The table resumes. The senator says something pleasant about local businesses. The shipping daughter turns toward me and asks, with very good manners, what I think about the new arts wing the city has proposed. I answer her without knowing what I say.
I sit at the table for six more minutes, then I set my napkin beside my plate and excuse myself. I take the long way around the house, through the rear hall, to the other kitchen entrance.
Bianca is there, packing up the remaining desserts. The dinner caterers are working at the far end of the kitchen, finishing the breakdown. Too far to hear us if we keep our voices down, close enough to glance over.
She straightens when I enter, and she doesn’t turn around. “If you’re here to apologize on behalf of your father, don’t. I’m not interested.”
“I’m not here for him.”
“Then why are you here, Theo?”
I close the distance between us. Not all of it. Enough that she can hear me without anybody else hearing our conversation. “I’m here because what he did to you in there was unforgivable. And because I let him.”

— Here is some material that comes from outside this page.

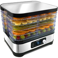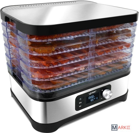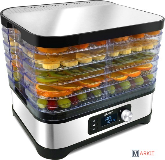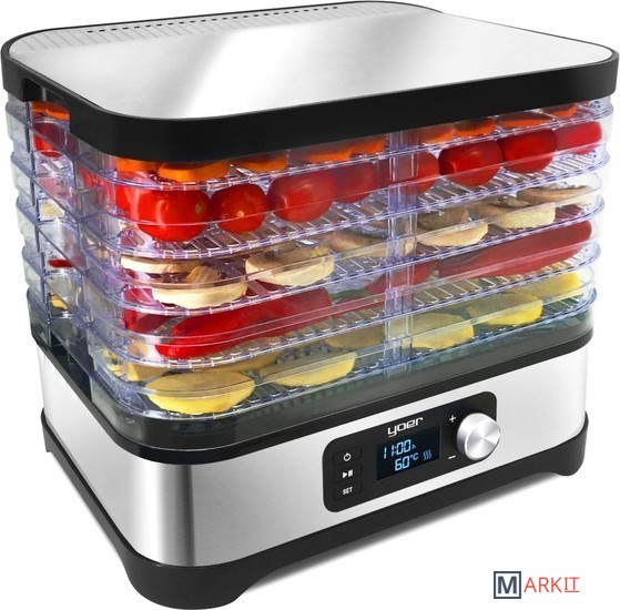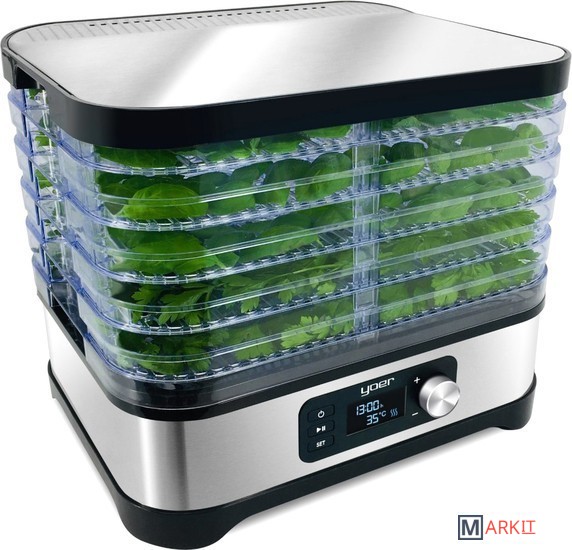 Мощность: 450 Вт, 5 прозрачных двусторонних подставок, регулируемая температура: 35-70°C, противоскользящее основание.Электронная панель управления со светодиодным дисплеем.Верхняя крышка из нержавеющей стали INOXПоверхность сушки: 4000 см²Полки можно мыть в посудомоечной машине.Корпус: матовая нержавеющая сталь INOX, полимерОдна дополнительная полка увеличивает емкость на 2,4 л.Защита от перегрева - автоматически отключает дегидратор, если есть риск перегрева и повреждения. Выдвинутое положение: высота прибора 27,1 см (расстояние 2,7 см) - использовать при обезвоживании.В сложенном виде: высота устройства 21,5 см (расстояние 1,5 см) - использовать для хранения24-часовой таймер - вы можете установить время, через которое устройство должно выключиться, чтобы вам не приходилось следить за его работой.8-ми ступенчатая регулировка температуры в диапазоне 35-70°C - позволяет вместить любой вид сушеных продуктов.Длина шнура питания: 93,5 смПольская вилка питания: 220-240 В 50/60 Гц

She turns then. “Yes. You did. But that’s not a surprise.”
That lands sharply in my gut.
She sets her hand flat on the lid of a tray.
“Your whole family is horrible. The only one of you with a decent bone in his body is Ander, and after tonight, I’m probably going to stop seeing him, too.

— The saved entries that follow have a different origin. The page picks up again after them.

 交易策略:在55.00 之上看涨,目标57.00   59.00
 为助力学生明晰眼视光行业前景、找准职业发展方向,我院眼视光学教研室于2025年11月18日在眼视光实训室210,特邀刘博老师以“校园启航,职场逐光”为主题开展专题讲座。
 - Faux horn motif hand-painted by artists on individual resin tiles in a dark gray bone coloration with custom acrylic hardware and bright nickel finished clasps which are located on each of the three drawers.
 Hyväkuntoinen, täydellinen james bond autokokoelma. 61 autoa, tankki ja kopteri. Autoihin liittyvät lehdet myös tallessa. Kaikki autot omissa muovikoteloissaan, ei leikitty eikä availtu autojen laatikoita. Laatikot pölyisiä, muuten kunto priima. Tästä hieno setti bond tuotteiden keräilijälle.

Because I want nothing to do with this family.
Ever. Again. Your father brought me here to make himself look good, and to humiliate me. ”
“Bianca, I didn’t know. Gideon didn’t know. He used his own people for the booking. We had no idea.”
She breathes once, slowly. “Even if every word of that is true, Theo, you are just like him. You can’t even apologize for the night of the gala. Not really. The only thing your family knows how to do is to place blame on someone else.”
Fuck.
I’m thirty years old, and I have spent every one of those years being told I am the man who will be the next Charles Sawyer. I’ve been groomed for it. I have been congratulated for it. And the woman in front of me confirmed the thing I have been afraid of my entire adult life.
I am like him.
“You’re right.”
She doesn’t move.
“You’re right,” I say it again, lower. “I’m sorry, Bianca.
I’m so sorry. I should have apologized the night of the gala.
I should have apologized the morning after.
I should have apologized in my office when I almost kissed you and threw you out.
I should have apologized every single time my family tried to ruin you.
And I didn’t, because in our family, you don’t apologize.
You deflect. My father drilled into us that family comes first. And we don’t apologize, because saying sorry means you were wrong. And the Sawyers are never wrong.”
“If you think your dad is wrong, why don’t you stand up to him?” All of her warmth is gone.
And I hate it. I deserve this version of her. But I still hate it.
“Because he has all the power. Everything we have, he can take. The company. The money. The connections. The lifestyle.” I stop. “He’s reminded us of this our whole lives.”